How advertising research is conducted
Advertising research combines multiple methods to understand how people respond to creative, messaging, and media. It typically follows a structured approach:
- Audience Exposure – Target audiences are shown adverts in controlled or real-world environments to replicate how they would naturally encounter them.
- Data Collection – Feedback is gathered using surveys, interviews, or digital tracking to capture both stated opinions and observed behaviour.
- Attention & Engagement Measurement – Researchers assess whether the advert captures attention and generates emotional or cognitive engagement.
- Brand & Message Evaluation – This stage tests brand recall, message clarity, and whether the advert is correctly attributed to the brand.
- Behavioural Analysis – Looks at likely actions, such as intent to purchase, click, or engage, providing a more realistic view of impact.
- Advanced Techniques – Methods such as A/B testing, eye-tracking, facial coding, and AI-driven analysis are increasingly used to uncover deeper, often subconscious responses.
Together, these approaches provide a robust, evidence-based understanding of what works, why it works, and how advertising can be optimised for stronger performance.
Advertising research methods
Advertising research uses a mix of qualitative, quantitative, and behavioural methods to understand how people respond to campaigns. Common approaches include:
Focus groups or depth interviews
Small, moderated discussions that explore attitudes, perceptions, and emotional reactions to advertising in depth.
Pre-testing
Concept & Creative Testing – Evaluates adverts before launch to assess attention, engagement, message clarity, and brand linkage, helping refine creative before media spend.
Tracking studies
Ongoing measurement during and after campaigns to monitor awareness, perception, and the impact on brand and behaviour over time.
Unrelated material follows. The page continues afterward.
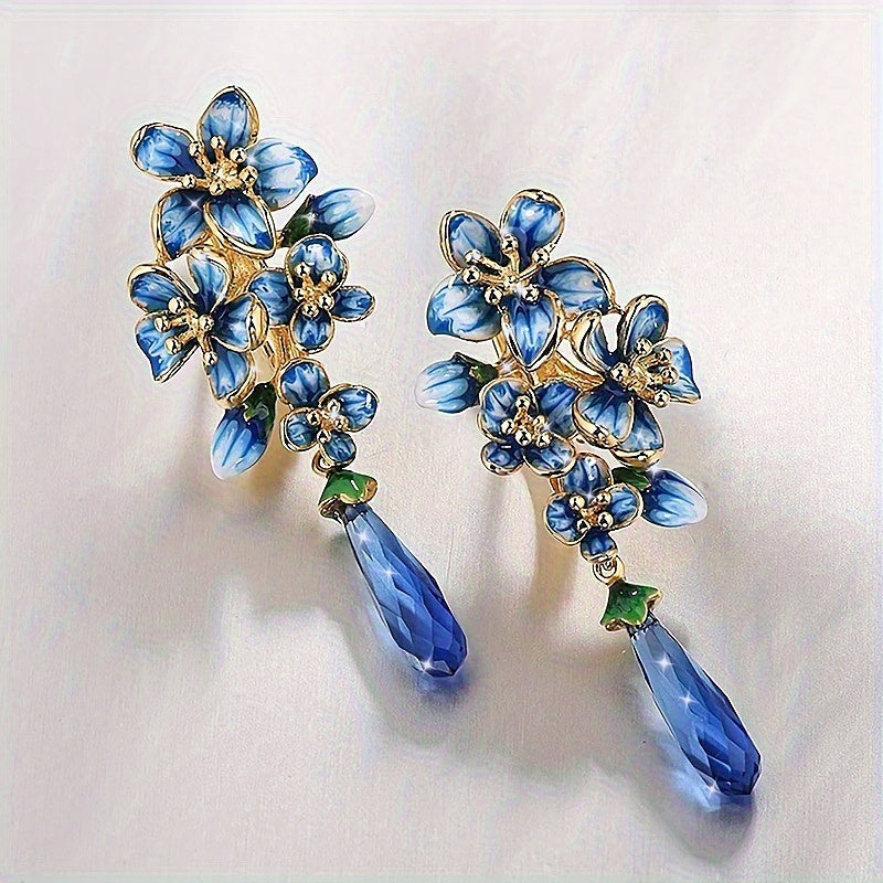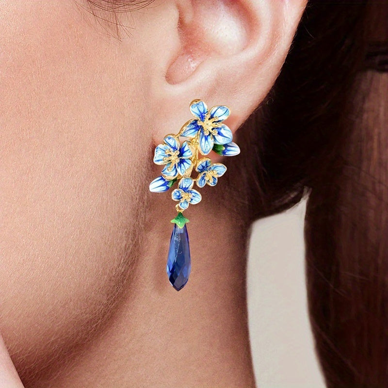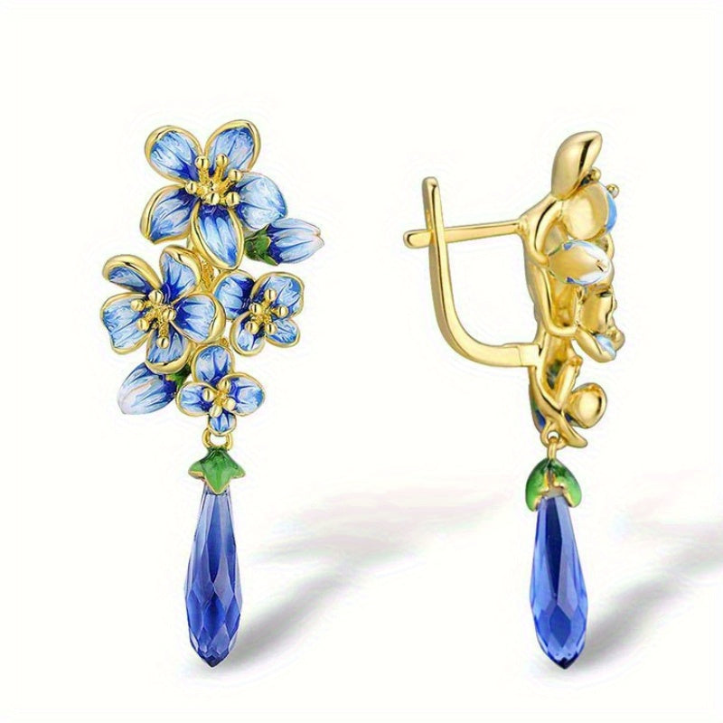 Add a touch of bohemian flair to your outfit with these dangle earrings featuring a synthetic zirconia flower pendant. Perfect for daily wear, parties, and vacations. Makes a great gift for your loved one.

Surveys and Quantitative Research
Awareness Surveys & Brand studies – Structured questionnaires used to gather statistically robust data on recall, appeal, and effectiveness across larger audiences.
Eye-Tracking
Eye-Tracking measures where people look and for how long, providing insight into attention and visual engagement.
Facial Coding & Biometrics
Facial Coding & Biometrics analyses emotional responses to advertising, often capturing subconscious reactions.
Together, these methods provide a comprehensive, evidence-based view of what works, why it works, and how campaigns can be optimised for stronger results.
When is the right time to conduct advertising research?
Advertising research is most powerful before a campaign launches, but its value extends across the entire campaign lifecycle. The strongest brands don’t treat research as a one-off check — they use it continuously to build confidence, refine decisions, and maximise effectiveness.
Creative Development – Testing early-stage ideas provides critical directional input before significant time and budget are committed. At this stage, research helps shape creative territories, messaging, and executional guidelines, ensuring ideas are grounded in real audience response rather than internal opinion.
Pre-Launch Testing – This is the most common and often most valuable stage. Evaluating your advert before it goes live allows you to see it through the eyes of your target audience. It highlights strengths, uncovers potential weaknesses, and identifies anything that may be misunderstood or overlooked. This not only reduces risk and avoids costly mistakes, but also gives you the confidence that your campaign is set up to perform.
In-Market Evaluation – Research doesn’t stop once a campaign is live. Ongoing evaluation helps you understand what’s working, what isn’t, and—crucially—why. Whether confirming success or identifying areas for improvement, this stage provides the insight needed to optimise performance and inform future campaigns.